I could use any ideas as to where to look for further diagnostic informaiton about the lockup or if anyone else has had any problems with MSExchange AV updates.

Thanks in advance for any help you can offer.

Dave

0
Comment
Question by:dcadler
  • 5
  • 3
  • 3
  • +1
14 Comments
 
LVL 22

Expert Comment

by:mutahir
Comment Utility
Well, as you cannot see anything in the logs apart from the exchange message ; I can think off :
a) Windows Update sometimes can restart so check the settings (and set them to notify you but not download and install)
b) Check your exchange antivirus settings whether it would restart automatic
c) Your server wasn't responding but was pingable or the power lights was on means it was stuck in shuting down services (probably) Exchange services take time to go down and windows OS services go down quickly so it is a good thing to first stop exchange services and then reboot/shutdown the server.
You can use a script which we use to shutdown exchange first and then reboot/restart the server :
http://www.amset.info/exchange/shutdown-script.asp
I am unable to understand what you mean by intel issue in regards to the raid ; if raid is defined properly then it should be ok ; check to see if your raid card needs firmware upgrade or your server needs a bios upgrade ;
hope that helps
0
 

Author Comment

by:dcadler
Comment Utility
I do not believe that I have the updates set to automatically restart the server. I know that up until this event, whenever updates were needed, I had an alert of pending updates on the server and I had to initiate the actual update process. However, is it normal for an AV update to cause a server restart? I would think that they wouldn't but I will check that.

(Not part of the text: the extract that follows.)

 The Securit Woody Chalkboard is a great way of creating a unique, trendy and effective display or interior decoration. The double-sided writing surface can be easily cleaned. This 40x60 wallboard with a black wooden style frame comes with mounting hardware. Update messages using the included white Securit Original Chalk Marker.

Under normal circumstances, a server restart does not take a long time. This lengthy startup only occured because I had to do a forced power cycle. From what I have uncovered thus far, this startup probem seems to be related to the RAID (simply because for the 4 hours it took to come back up, the RAID array drive lights were constantly flashing or on solid, which seems like a rebuild to me). I am using a Supermicro X7DVA-E which has an integrated Intel ESB2 SATA 3.0Gbps Controller set up as RAID 5. I have Write-back caching disabled in Windows Device Manager. I do not have the Intel Matrix software installed.

There were not hardware related errors in the System event log during the 4 hour period it took for the system to come up. Just a bunch of timeout errors by services which, I assume, were caused by the drives being so busy.

Dave




0
 
LVL 22

Expert Comment

by:mutahir
Comment Utility
Try to upgrade the firmware for your raid drives and controllers
check your motherboard and raid controller manual for that and their website for any firmware upgrades.
0
 
LVL 38

Accepted Solution

by:
Philip Elder earned 500 total points
Comment Utility
If you are using Forefront, take note that the Kaspersky engine has been having some difficulties.

Disable this engine and see if that stabilizes the server.

Philip
0
 

Author Comment

by:dcadler
Comment Utility
MPECInc,

I do not have Kaspersky checked. I only have the following checked;

CA Vet
Microsoft Antimalware Engine
Norman Virus Control
Sophos Virus Detection Engine

This problem happened again on 8/31. I ended up having to do a hard power restart again and then went through the extensive server delay while the RAID array rebuilt and verified. I couldn't mound the Exchange IS until after the RAID verify was completed.

Aain, there were no indications hat I could find in the logs to explain why it locked up. I could ping the server from a workstation but I could not load the service remotely, get a remeote desktop, or get it to accept a shutdown command from a remote computer. There was no drive activity on the server when it appeared locked up.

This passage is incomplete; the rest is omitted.